Further, avoiding having every reducer have to have high throughput network to every mapper is key; the hadoop design makes it difficult to optimize over network topology like higher within-rack bandwidth.
Hadoop was designed around rack topologies where bandwidth within racks was higher than bandwidth between them. That is why it tries to place mappers near where the data is that the mappers will be reading. The general assumption is that mappers will be generating a much smaller data set than what they're reading. If that's not true, then yes, you may have locality issues. You can solve this problem by writing your own InputFormat.
There are far better designs implemented: never write to local disk from the mappers, instead writing to a global dfs then performing the sort in the dfs. I worked for a company that took hadoop 0.17 and made it roughly 10x more performant (and not on toy datasets: on petabyte scale datasets) with roughly 10 engineer-years with this design.
There have been a bunch of projects to optimize MapReduce, like Sailfish. But ultimately higher-level optimizations like avoiding spilling between different phases of a multi-stage job (like Spark implements) are more important. And Impala implements a ton of join optimizations, of course, as well as doing absolutely everything it can in memory.
Finally, the hdfs design is pretty shitty, on two fronts: the namenode gets slow (choking everyone), and the disk-based format is missing lots of things to enable optimizations like certain types of append, or indexing. Indexing is incredibly powerful for things like join, enabling a map-side join instead of having to read all your data once, sort by join keys, then reread in your reducers.
In practice, the HDFS NameNode only gets slow if you create lots of small files.
There are plenty of external indices you can put on top of HDFS. For example, you can run HBase. Or if you don't want to run another daemon, you can use Apache Parquet or Apache ORCFile... file formats which are inherently indexed.

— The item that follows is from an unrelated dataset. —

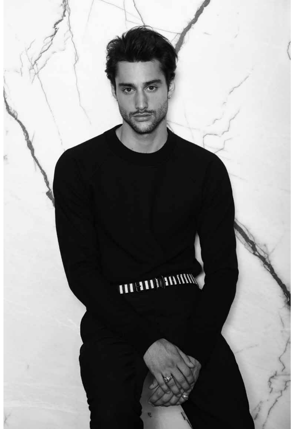
sweater MARGARET HOWELL, belt & pants CERRUTI 1881

Another problem with hdfs design is capacity adding; hdfs has shitty rebalancing tools. The typical problem is this: hot data is new data. So if you add capacity to hdfs, your old capacity is say 80% full and your new capacity is 0% full so where does all new data go? To the new capacity. Which is quickly 100% saturated and choking your jobs.
This is completely untrue. By default, HDFS doesn't make any attempt to load balance between disks or nodes at the moment; it will keep writing until the disk / node fills up. The sysadmin must run the balancer to move things around between full and less-full nodes. I don't think any version of HDFS ever implemented the behavior you talk about as the default.

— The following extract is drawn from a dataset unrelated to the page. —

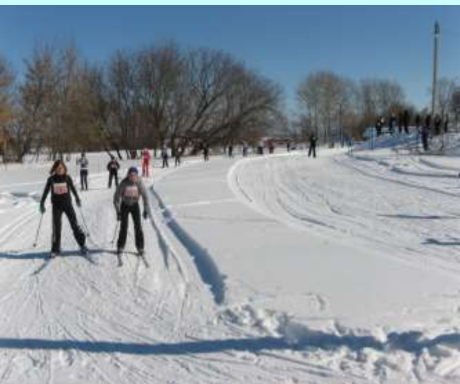
Лыжня России с.Алешино

футбольные поля, прокладываются лыжные трассы. Расширился круг соревнований, проводимых по месту жительства. Сельские жители имеют возможность посещать плавательный бассейн «Нептун» и новый, современный физкультурно-спортивном комплексе с ледовой ареной «Планета спорта».

hdfs' use of triple replication (well, you can actually set the replication level) instead of better algorithms like erasure encoding does no favors to performance as well.
Erasure encoding isn't better for all use cases, only for cold data. Sometime you want those replicas. At some point, I expect HDFS will get RAID support, as well.
To be honest, it's rare to see a cluster where lack of disk space is a problem. With 20 4 TB disk drives on each node, optimizing for reduced disk space is a bit foolish unless you profile and find that I/O is indeed the bottleneck.
It's really depressing to read anything about Hadoop on Hacker News. It seems like people talk about 2008 software and Hadoop 0.20 as though it were current. Nobody talks about Windows XP as though that were the latest version of Windows (which it was in 2006), but somehow talk...
And that's about it; I was going to respond point by point, but your post displays a general lack of knowledge of large-scale hadoop deployments, so it's basically a waste of time.
You can't even respond to a single point? I'm sorry to hear that. I have been polite and respectful to you, can you pay me the same courtesy?